In essence, zkVM synthesizes the advantages and disadvantages of the scaling solutions described above, providing monolithic chain-level scalability while maintaining security and decentralization. Through this technology, the blockchain industry has gained a new development path that can simultaneously secure both security and scalability.

The advantages that blockchains can gain by adopting zkVM technology include:

• Predictable Verification Costs: Verification costs remain constant regardless of computation complexity, ensuring a stable and predictable cost structure even when handling applications with significantly increased complexity
• Harmony of Decentralization and Efficiency: While preserving blockchain's inherent strengths of decentralization and integrity, actual computations are processed off-chain, enhancing overall network efficiency
• High Security and Reliability: Users can receive proof that results were calculated accurately without directly verifying computation results, strengthening network reliability and enabling safe processing of complex calculations
• Extended Application Possibilities: As large-scale computations that were difficult to process on-chain become feasible, blockchain can expand into various application areas such as artificial intelligence, financial simulation, and large-scale data analysis

Thus, zkVM goes beyond simply improving blockchain performance; through the separation of computation and verification, it solves the scalability problems facing blockchain while preserving the advantages of decentralized networks, establishing a foundation for more active blockchain utilization in diverse fields such as AI, finance, and data analysis. However, as zkVM has only recently been developed and discussed, the technology has not yet reached the stage of widespread adoption across the industry.

At this juncture, Boundless aims to become a leader in zkVM by providing an environment that can be immediately applied to industrial settings, going beyond merely implementing zkVM.

2. Boundless: Breaking Through Scalability Limits

Boundless is a zero-knowledge verified computing layer developed by the RISC Zero team, designed as a zero-knowledge proof marketplace protocol that efficiently processes complex computations and enables secure verification. When blockchains or applications require high-performance computing, they can request it from the Boundless network, and anyone can become a participant, performing computations and submitting proofs to earn rewards.

The core mechanism of Boundless is the separation of computation and verification. Instead of all nodes on-chain repeatedly performing identical computations, specific nodes process complex computations off-chain and verify execution through zero-knowledge proofs. This allows the network to secure result reliability without requiring complete re-computation, becoming a key mechanism for solving blockchain scalability problems.

2.1. Boundless's zkVM

Boundless is built on the zkVM developed in-house by RISC Zero. The RISC Zero zkVM has a structure that can execute arbitrary programs using general-purpose RISC-V instructions and generate cryptographic receipts proving that execution was performed correctly.
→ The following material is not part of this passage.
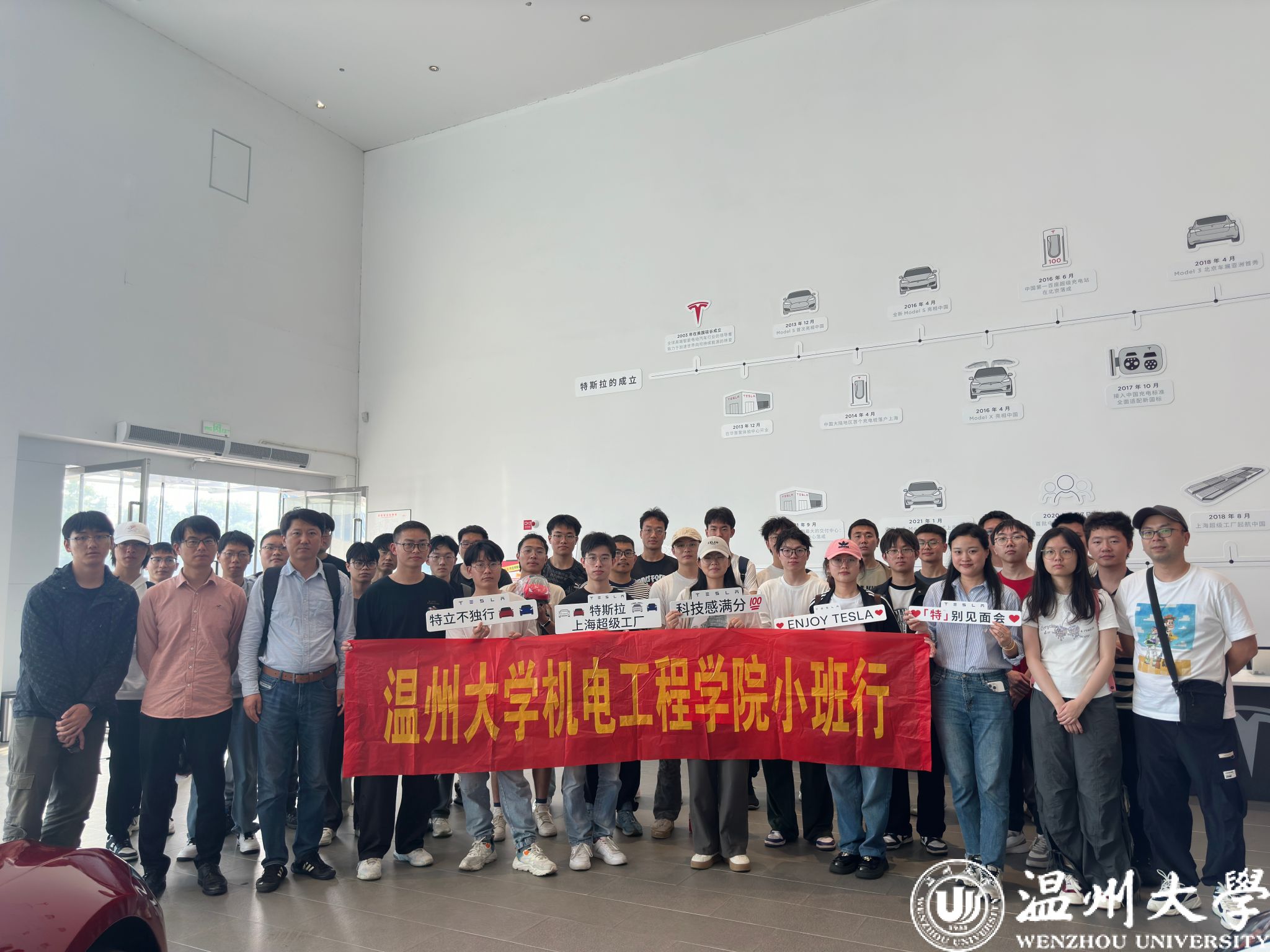 4月17日,在91色情 机械工程系主任成泰洪、系副主任章城老师带领下,学院“名企小班行”走进温州龙湾特斯拉中心。

Since the zkVM automatically handles complex zero-knowledge proof generation, developers using it can write zkVM-compatible programs and develop verifiable programs in familiar languages such as Rust and C++ without separate cryptographic knowledge.

Additionally, RISC Zero zkVM is a high-performance STARK-based proof system that can measure computational workload in RISC-V CPU cycle units, making it suitable for implementing Boundless's incentive mechanism, PoVW (Proof of Verifiable Work).

Furthermore, while Boundless currently uses RISC Zero zkVM as its default execution environment, it aims for universal design that is not dependent on specific proof systems. In fact, Boundless's roadmap includes plans to support other zkVM backends such as Succinct's SP1, zkSync's Boojum, and Jolt, allowing developers to utilize Boundless while creating applications in their familiar manner without being locked into specific development tools or environments.

In other words, Boundless adopted RISC Zero's zkVM based on these advantages, and it can be seen as having established a foundation that maximally utilizes versatility, performance, and development convenience while being able to evolve into a flexible platform encompassing various development tools and environments in the long term.

Let's now examine Boundless's architecture and operating mechanism in detail.

2.2. Boundless Protocol Architecture

Boundless consists of two main participants, App and Prover, and is composed of contracts and streams connecting these participants.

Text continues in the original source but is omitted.